Recent construction deaths in Brazil highlight the need for proper workplace protections

0 comments

Estimated reading time: 5 minutes

Andrew Richards 80x108Later this year, Brazil will host one of the world’s largest sporting events, the 2014 football World Cup. Andrew Richards highlights the problem of poor working conditions in the construction of stadia for the event, a problem that it is in no way confined to Brazil. He argues that countries with large numbers of workplace deaths tend to also be notable for their repression of trade unions. 

On 7th February 2014, Antônio José Pita Martins was killed at work. Aged 55, he became the third construction worker to die building the football stadium in Manaus, Brazil, in addition to another three already killed in stadia under construction in Sao Paulo and Brasilia  for the June 2014 World Cup. However, these deplorable statistics pale in comparison to those of Qatar, site of the 2022 tournament. On 24th January 2014, The Guardian reported that 185 Nepalese construction workers died in 2013 alone as a result of the appalling working conditions, akin to outright slavery, underpinning Qatar’s own preparations. The International Trade Union Confederation (ITUC) has painted an even more horrendous picture. Given Qatar’s reported need for between half and one million additional workers from Nepal, India and other South Asian and African countries to complete its preparations for 2022, the ITUC has warned that at current fatality rates, more than 4,000 workers risk losing their lives “before a ball is kicked at the 2022 World Cup”.
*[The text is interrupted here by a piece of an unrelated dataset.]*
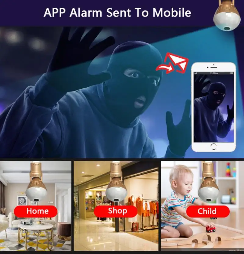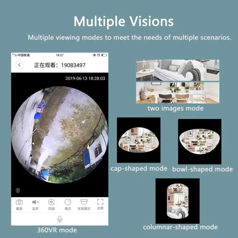 Камера Безопасности 1,360 градусов: 360 градусов панорамная камера, которая может дать ему полное покрытие всей комнаты для наблюдения за каждым углом вашего дома и офиса и горизонтальной 180 градусов вручную регулируемый кронштейн + левый и правый 360 градусов без слепых зон!

Preparations for the world’s premier sporting event obviously generate publicity, and it is to the credit of progressive elements in the media and of organizations such as the ITUC and Amnesty International that they are highlighting the suffering entailed. Yet this suffering represents the tip of a huge iceberg when compared to the deplorable working conditions and fatalities endured by millions of workers across the globe, especially in developing countries. In September 2005, the International Labor Office (ILO) reported that approximately 2.2 million people die of work-related accidents and diseases every year, but added that this is probably a huge underestimation due to poor reporting and coverage systems in many developing countries. For example, in 2005 India reported a mere 222 fatal accidents in the workplace, while the Czech Republic, with a working population approximately 1% of that of India, reported 231. The ILO therefore estimated the true number of fatal accidents in India at a staggering 40,000. Such high fatalities are a function of the weak or nonexistent protections existing for many workers in most developing countries. Certain economic activities present in both industrialized and developing countries, such as mining and construction, are inherently dangerous, yet fatality rates in these sectors are far higher for workers in the developing world.

Brazil stadium
Credit: Gabriel Smith (Creative Commons BY)
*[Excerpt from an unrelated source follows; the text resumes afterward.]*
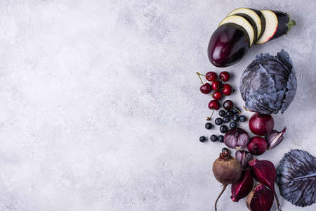 Assortment of fresh purple fruits and vegetables on a dark purple background. Healthy food.

Meanwhile, other sectors have become heavily concentrated in the developing world – for example, textile production in South and South-East Asia – and are notorious for their brutal and dangerous workplace regimes, excessive working hours, low pay and the use of child labour. In Bangladesh, for example, the garment industry is worth US $ 20 billion per year, employs 4 million workers and accounts for 80% of the country’s exports. Yet the 1,129 workers who died when the Rana Plaza factory collapsed on top of them on 24th April 2013, earned US $ 38.50 a month.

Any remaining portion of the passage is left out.